The Prisoner's Plea


Sergt.T. J. HYATT, Co K , 118th Penn. Vols. October 25th, 1864.Written while a prisoner at Audersonville, Ga.

The Prisoner’s Plea.

When our country called for men, we came from forge and store and mill,
From workshop, farm and factory, the broken ranks to fill;
We left our quiet happy homes and ones we loved so well,
To vanquish all our Union’s foes, or fall where others fell.
Now in prison drear we languish, and it is our constant cry,
Oh! ye who yet can save us, will ye leave us here to die?

The voice of slander tells you that our hearts weak with fear,
That all, or nearly all of us were captured to the rear,
The scars upon our bodies from musket balls and shell,
The missing legs and shattered arms a truer tale can tell.
We have tried to do our duty in sight of God on high;
Oh! ye who yet can save us, will ye leave us here to die?

There are hearts with hope still beating in our pleasant Northern homes;
Waiting, watching for the footsteps that may never, never come—
In Southern prisons pining, meagre, tattered, pale and gaunt,
Growing weaker, weaker daily, from pinching cold and want.
Their Brothers, Sons and Husbands, poor and hopeless captives lie;
Oh! ye who yet can save them, will ye leave them here to die?
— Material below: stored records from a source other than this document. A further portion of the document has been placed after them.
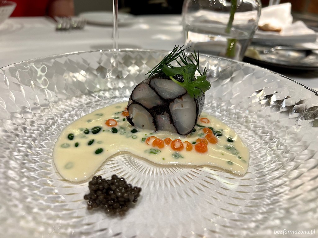 Pierwszym starterem był gotowany około piętnaście minut w niskiej temperaturze, nieprzeciągnięty i ultradelikatny Dorsz Skrei®. Zawinięty w nori spoczywał na sosie na bazie maślanki z ikrą z łososia i szczypiorkiem. Obok szczypta kawioru z jesiotra.
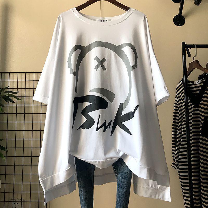 日系做旧复古风中长款短袖T恤女夏季宽松慵懒风胖MM大码上衣
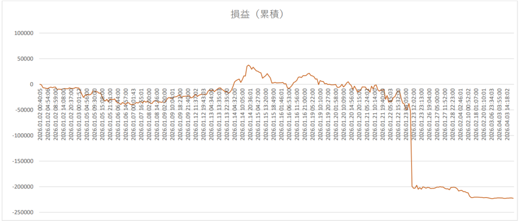 まだEAの開発を行っている最中。ふとMT5で一度もリアル口座で取引していなかったなと気づき、4/3の1日だけテストとしてEAをリアル口座へ適用して取引。予想どおりリアル取引とバックテストとで取引結果に乖離があり、現在原因を調査中。かなりシンプルな取引ロジックで試したんだけど、エントリのタイミングは一致したにもかかわらずクローズのタイミングが合わない。ロジック見ただけでは原因がわからないので、来週も1日だけ適用してログ出力してデバッグする予定。
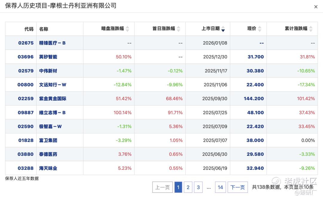 摩根士丹利历史上作为保荐人共参与135个项目,暗盘60家公司上涨,43家公司下跌,32家公司平盘,破发率为31.85%;上市首日78家公司上涨,44家公司下跌,13家公司平盘,破发率32.59%,胜率较为一般。摩根士丹利今年的参与了12个项目共有5个破发,破发率41.67%,不过摩根士丹利的国际机构资金覆盖强、定价配售与复杂项目执行能力成熟,仍然为不错的保荐机构。
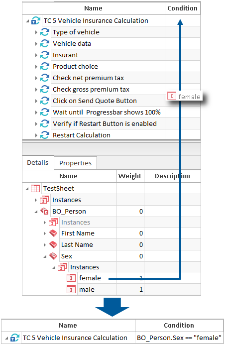 Die Testfall-Vorlage muss mit dem TestSheet oder der Klasse, in dem sich das Objekt befindet, verbunden sein. Es können Attribute und Instanzen als Bedingung zugewiesen werden. Die Drop-Operation muss in der Spalte Bedingung des jeweiligen Objektes erfolgen.

From out our prison gate there’s a grave yard near at hand,
Where lie twelve thousand Union men beneath the Georgia sand.
Scores on scores are laid beside them, as day succeeds to day;
And thus it will be ever, till they all shall pass away.
And the last can say while dying, with upturned and glazing eye,
Both Faith and Love are dead at home, they have left us here to die.

Original in possession of J. L. Smith.